PROPERTY DEVELOPER Patrick McKillen owns €45 million worth of properties around the world that have not been used as security against his debts, according to a court document.
The details are given in a final witness statement from Mr McKillen’s associate, Liam Cunningham, which the McKillen side has refused for a week to release to the press.
Following representations from The Irish Times and the Irish Independent, Mr Justice David Richards made clear that all witness statements had to be made public, minus redactions.
In the long-running High Court case in London, Mr McKillen has argued he was improperly blocked from buying financier, Derek Quinlan’s controlling share in a luxury London hotel group.
In a schedule attached to Mr Cunningham’s statement, valuations are placed on a string of properties, including offices in the UK, Germany, Argentina and France and apartments and development lands in Vietnam.
Insisting that Mr McKillen could have afforded to buy Mr Quinlan’s share, Mr Cunningham said Mr McKillen had been offered loans costing €13 million a year in interest. The property developer, he said, “holds a substantial unencumbered property portfolio that he could, if necessary, sell in order to raise” the funds needed.
The properties listed include the Northpoint Argentina Logistic centre and office campus, which was valued by Colliers International in March 2011 at € 19.7 million.
A number of other Argentinian properties are listed without valuation, including the Andillian Argentina Vineyard gated community and the Isabel/Be Experience complex of galleries and bars.

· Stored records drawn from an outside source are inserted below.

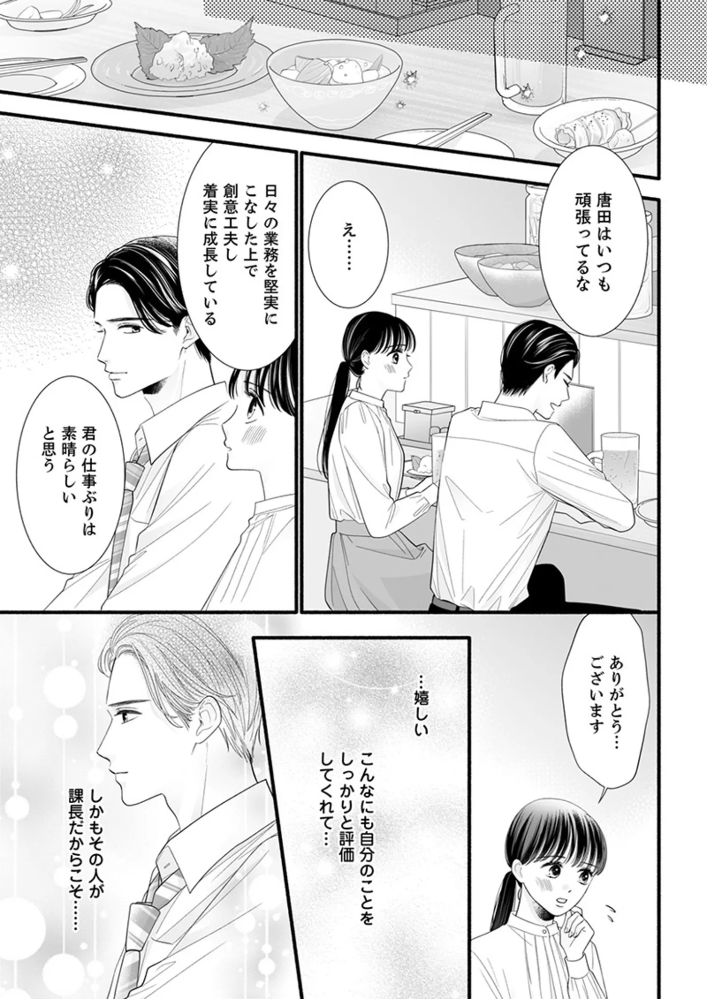 いつも厳しいイケメン課長が頑張り屋の部下にご褒美を提案! 部下が望むものは…/塩系上司が甘すぎる③ マンガ 公開日:2025/2/28 この連載を最初から読む→ 『塩系上司が甘すぎる』(泉条ちえり:漫画、ガジュマル:原作、風華弓弦:シナリオ/DPNブックス)第3回【全18回】 3カ月前、部署を立て直すために30歳の若手課長・天野聖実(あまのさとみ)がやってきた。仕事ができて英語も堪能。しかもイケメン。パーフェクトな課長だが、全ての社員に対して塩対応。指示出しも短い言葉で用件のみ。愛嬌のかけらもないから部署ではちょっと浮き気味。そんな「塩系上司」が、なぜか地味でまじめが取り柄の私にだけ優しい…。今日もみんなに隠れてこっそり甘やかされています! 塩系上司と真面目な部下の胸キュンラブストーリー『塩系上司が甘すぎる』をお楽しみください! 【30日間無料】Amazonの読み放題をチェック > 本作品をAmazon(電子)で読む > 本作品をRenta!で読む > >> 次のページに続く 1 2 3 4 > あわせて読みたい 塩対応の上司が、自分だけに見せてくれる甘い顔… ひたむきに頑張る人に癒しをくれるマンガ『塩系上司が甘すぎる』 【漫画】『塩系上司が甘すぎる』を読む 虐げられた少女はクールで優しいスパダリ御曹司に溺愛される!? 艶やかな恋模様を描くレトロモダンなラブロマンス 最新マンガと話題の書籍を無料で試し読み! 前の回 一覧 人気の連載 次の回 塩系上司が甘すぎる(1) (カフネ) Amazon 楽天(電子) コミック.jp アクセスBOOKS コミックシーモア Abemaマンガ ebookjapan dブック ブックライブ まんが王国 めちゃコミック LINEマンガ Renta! その他配信書店 塩系上司が甘すぎる(13) (カフネ) Amazon 楽天(電子)
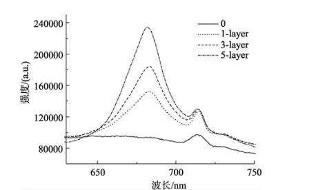 圖4是石莼類囊體膜LB膜在納米ZnO上的室溫?zé)晒獍l(fā)射光譜,類囊體膜的最大熒光發(fā)射峰在683 nm,隨著類囊體膜在ZnO上吸附層數(shù)的增加熒光發(fā)射強(qiáng)度增大。菠菜類囊體膜的熒光發(fā)射光譜表現(xiàn)出相同的趨勢(shì)(結(jié)果未顯示)。
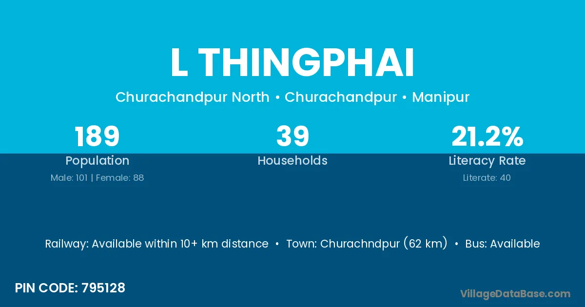 Churachndpur (62 km) is the nearest town to L Thingphai village for major economic activities and is located approximately 62 km away.
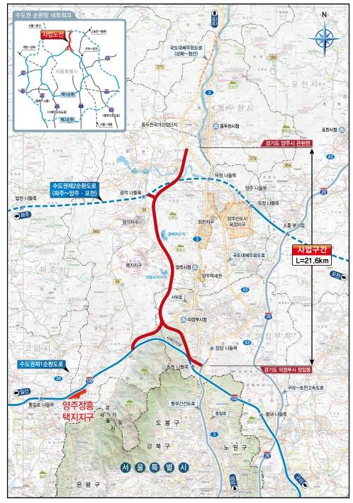 국토교통부는 수도권 제1순환 고속도로의 의정부시 구간과 수도권 제2순환 고속도로의 양주시 구간을 연결하는 서울-양주 고속도로 민간투자사업의 우선협상대상자로 포스코이앤씨컨소시엄((가칭)서울양주고속도로(주))을 선정할 계획이라고 밝혔다.
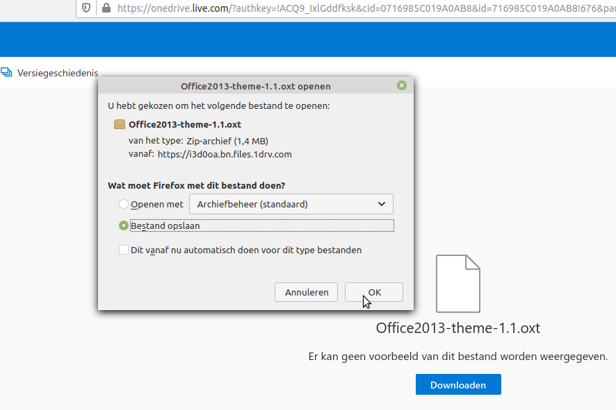 - Klik op Downloaden, kies Bestand opslaan en dan OK.
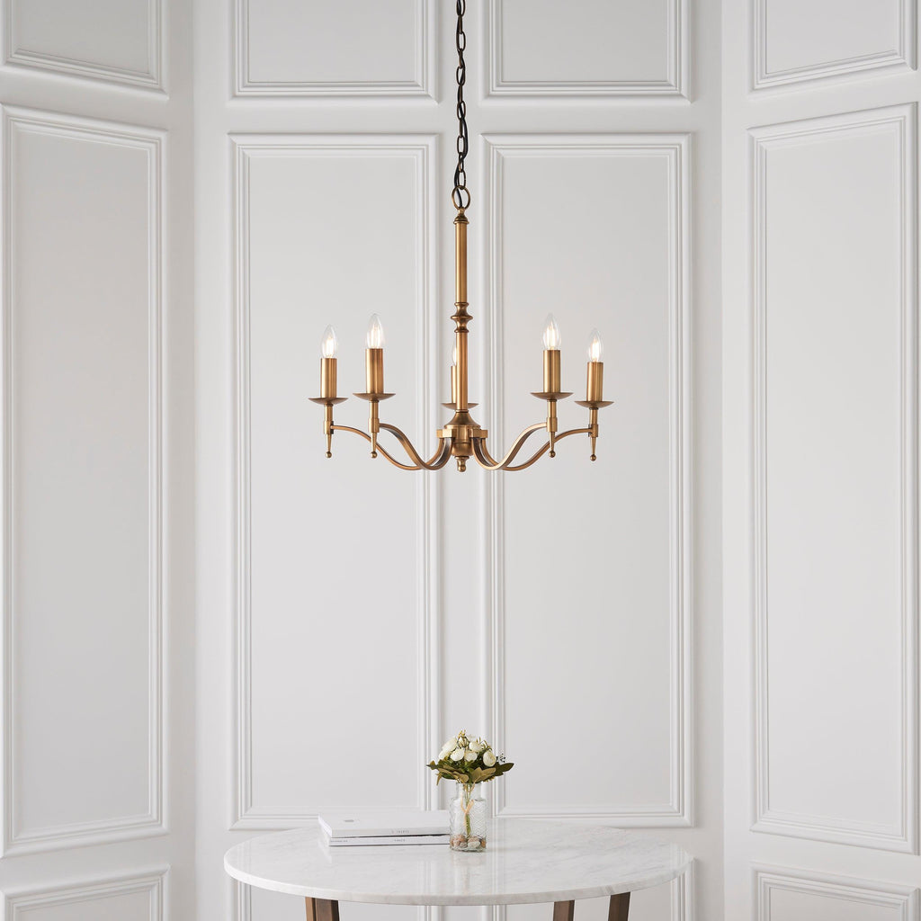 Stanford 5 Light Antique Brass Finish Chandelier CA1P5B
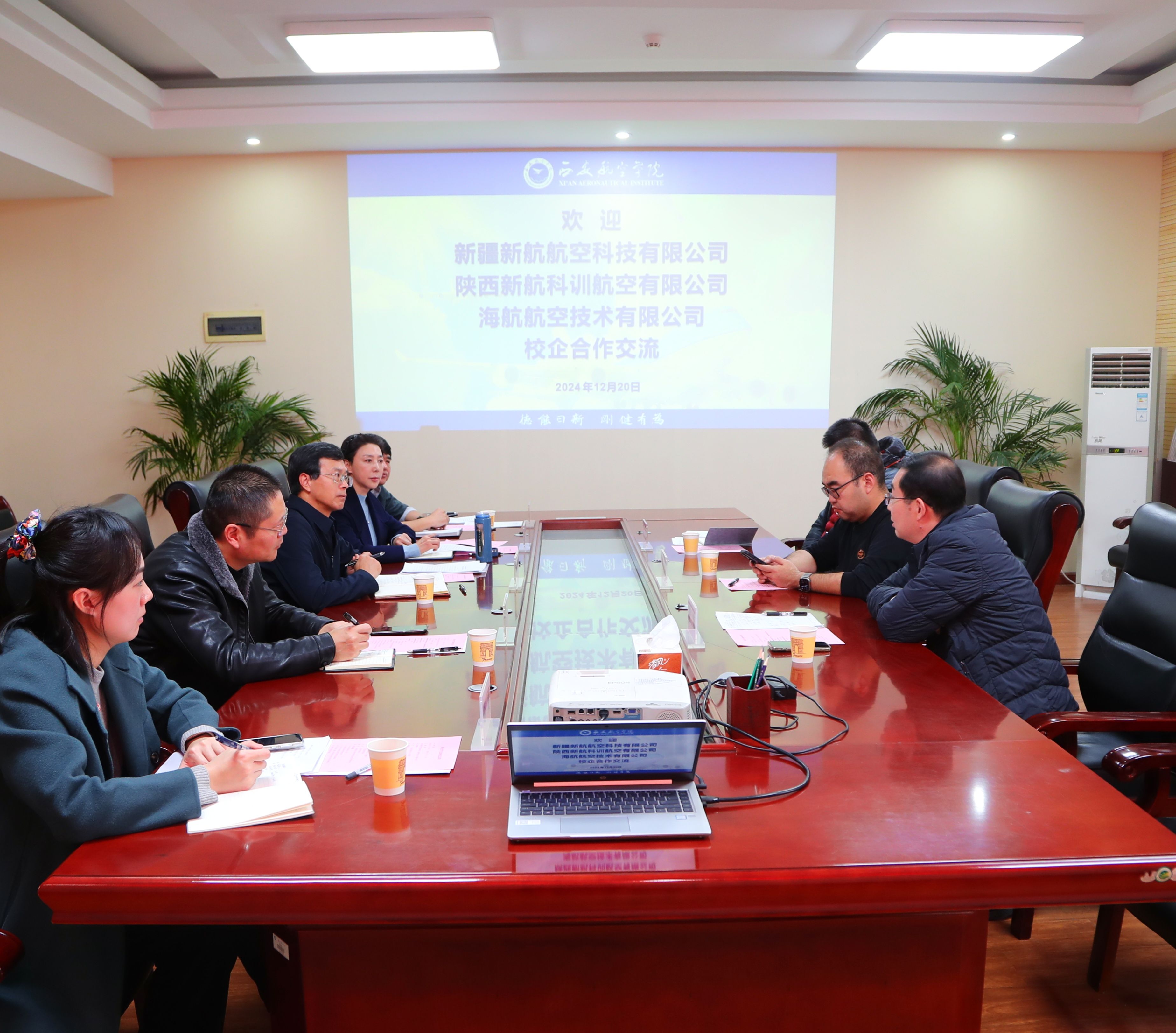 12月20日下午,新疆新航航空科技有限公司、陕西新航科训航空有限公司总经理吴光焱、海航航空技术有限公司西北基地总监蒙海、陕西新航科训航空有限公司副总经理刘洋,来校就校企合作开展交流座谈。副校长宋文学、教务处副处长刘宁、发展规划与学科建设处及相关学院负责人参加座谈会,会议由刘宁主持。

In France, he owns a commercial property on Boulevard San Germain valued at € 1.7 million, on which an offer to buy was made in September 2010 by a French university. In Aix-en-Provence, Mr Cunningham listed a car park valued at €1 million, while a property at 26 Rue Danton in Paris is valued at €1.055 million once an outstanding loan of €629,516 is deducted.
A home on Paris’s Place Vendôme, which has just €14,000 worth of outstanding debt, is valued at €8.45 million, while a commercial property in Knightsbridge, London, is valued at more than €7 million, once debts are excluded. The Vietnamese properties listed include a site at Dalat with planning permission and shops and housingwhile another listed as Habotec has planning permission for a biotechnology park.